Introduction: Li-Fraumeni syndrome (LFS) is responsible for about 1% of hereditary breast cancers (BC). We present a
case report of a young woman with synchronous osteosarcoma and BC. Case Report: NOB, 23 years old. Mother died
with BC at 36 years old and sister died due to neuroblastoma at 2 years old. She was referred in 2021 for a nodule in her
left breast and the ultrasound results showed an irregular nodule of 1.5×1.2×1.3 cm BI-RADS®5 and anatomopathological invasive carcinoma of non-special histological type (NST), estrogen receptor 80%, progesterone receptor 100%, Her2
negative, and Ki67 60% cT1N0. It was associated with a lesion in the alveolar mucosa with bleeding and deformity of the
oral cavity with anatomopathological high histological osteosarcoma-T1N0. Surgical treatment was performed: maxillectomy of meso and bilateral infrastructure+tracheostomy+reconstruction with microsurgical flap of the fibula and, then,
left adenomastectomy+sentinel lymph node biopsy+prosthesis reconstruction.
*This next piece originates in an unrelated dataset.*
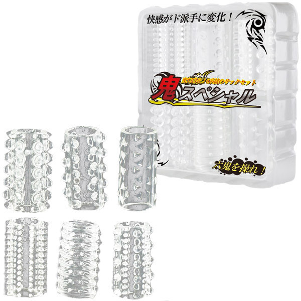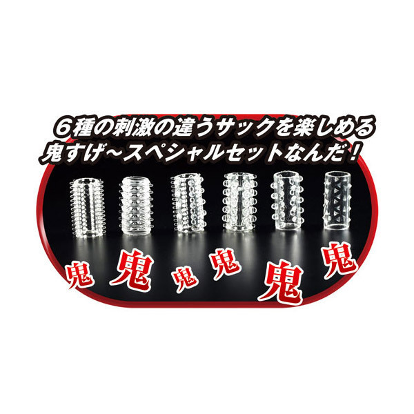 今夜はどれがいい?パートナーと一緒に選んで使って楽しめる、種類豊富なペニスサック「鬼スペシャル」6点セット。異なる形状のハーフサックをその日の気分で使い分けすることができ、6通りもの違った刺激と快感をお楽しみいただけます。もちろん、男性特有のお悩みもしっかりサポート!効果には個人差がありますが、持っていて損はしません。また、バイブやローターに装着すれば楽しみは二倍に!一度は試してみる価値アリの男性補助グッズです。

Surgical anatomopathological results in
central/medullary high-grade conventional osteosarcoma chondroblasts 7.3×6.1×3.9 cm, free surgical margins and four
cervical lymph nodes free of neoplastic involvement, and invasive breast carcinoma NST with medullary characteristics
1.8×1.3 cm, free margins, and absence of metastasis in two sentinel lymph nodes –pT1pN0. Genetic test resulted in pathogenic mutation TP53 gene, position chr17:7.674.257, consequence p.Tyr236HisENST00000269305. Adjuvant chemotherapy
was docetaxel+cyclophosphamide. Two years after treatment, she is taking tamoxifen, scheduled for contralateral adenomastectomy, and maintains high-risk follow-up. There is no signal of any cancer disease. Discussion: LFS is an autosomal dominant inheritance of high penetrance. The diagnosis is based on the identification of a pathogenic variant in the
TP53 gene. It is related to several tumors diagnosed at an early age. BC is the most common cancer and affects 27–31%
of patients. Osteosarcoma corresponds to 3%–16% of cases, usually occurring before the age of 30 years. The prognosis of
patients does not differ from those with sporadic cancer. They must be monitored by a multidisciplinary team, screening
with annual whole body/breast MRI and mammography, and colonoscopy every 5 years. Genetic counseling is essential.